Archworld is a system of wargame rules for fantasy and medieval miniatures combat that was published by Fantasy Games Unlimited FGU in 1977.

==Description==
The combat rules in the original fantasy role-playing game Dungeons & Dragons, published by TSR in 1974, used the traditional wargaming combat system from the previously published Chainmail, which measured movement and distances on a sand table in inches. Later editions made the use of miniatures optional, and assumed most players would make D&D a game of the imagination, where players would simply describe what their player characters were doing. However, by 1977, the use of 25 mm fantasy miniatures was becoming popular. In recognition of that, FGU published a set of combat rules for miniatures using a 1" hex grid rather than sand-table measurements. The early versions of D&D expected heroes would attract bands of henchmen, so the Archworld combat system provides for both single figures as well as figures representing groups of twenty henchmen or soldiers.

The movement system is based on numbers of paces, with one pace equalling 2.5 feet, and one hex equalling 25 feet (ten paces). The book also includes rules for medieval naval combat, and provides details of a fantasy campaign world, with a map of Archworld included.

==Publication history==
Archworld is a 76-page stapled book with cardstock cover designed by Sheila & Mike Gilbert and published by FGU in 1977. The book includes a fold-out map, three cardstock sheets of naval vessel diagrams, and two cardstock reference cards.
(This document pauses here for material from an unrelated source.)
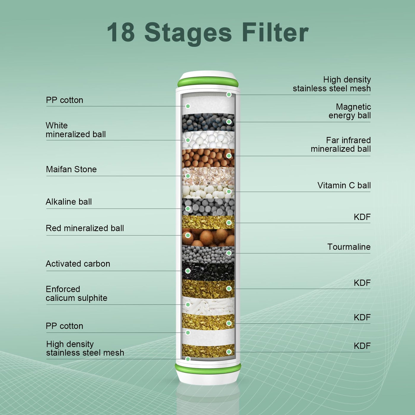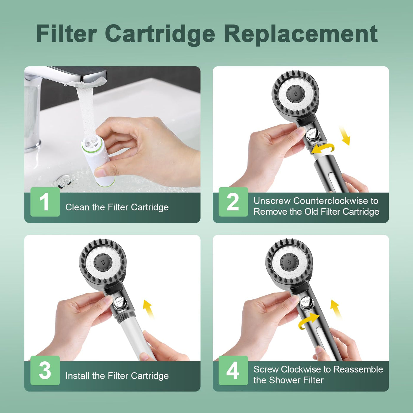 Enhance your shower experience with our advanced 18-layer shower filter.- Equipped with 18 layers of filter materials such as KDF, activated carbon, calcium sulfite, and vitamin C.- Reduce chlorine, fluoride and other impurities in water. Our hard water shower filter provides soft water for a comfortable shower experience.- Helps care for delicate skinWater quality improvementFilters hard water to avoid excessive drying and protect delicate skin.Repairs damaged hair, making it softer and smoother.Effectively eliminates chlorine smell and unpleasant odor.Product SpecificationsReplaceable filter size: 4.13 × 1.06 × 1.06 inchesFilter element service life:The service life of each filter element is approximately 6 months under normal use.Package Contents:2X Shower Filter

Mike Gilbert also did the cover art and interior art.

==Reception==
Space Gamer noted that Archworld is designed to replace other combat systems that require too much paperwork, and called the interior art "excellent".

In the February 1978 issue of Craft, Model and Hobby Industry, Rick Mataka called Archworlds combat rules "well-written with many examples to aid the reader in understanding the system being employed." Since the system was moderately complex, Mataka thought this would be "More for the intermediate gamer who wants to add additional complexity into his games."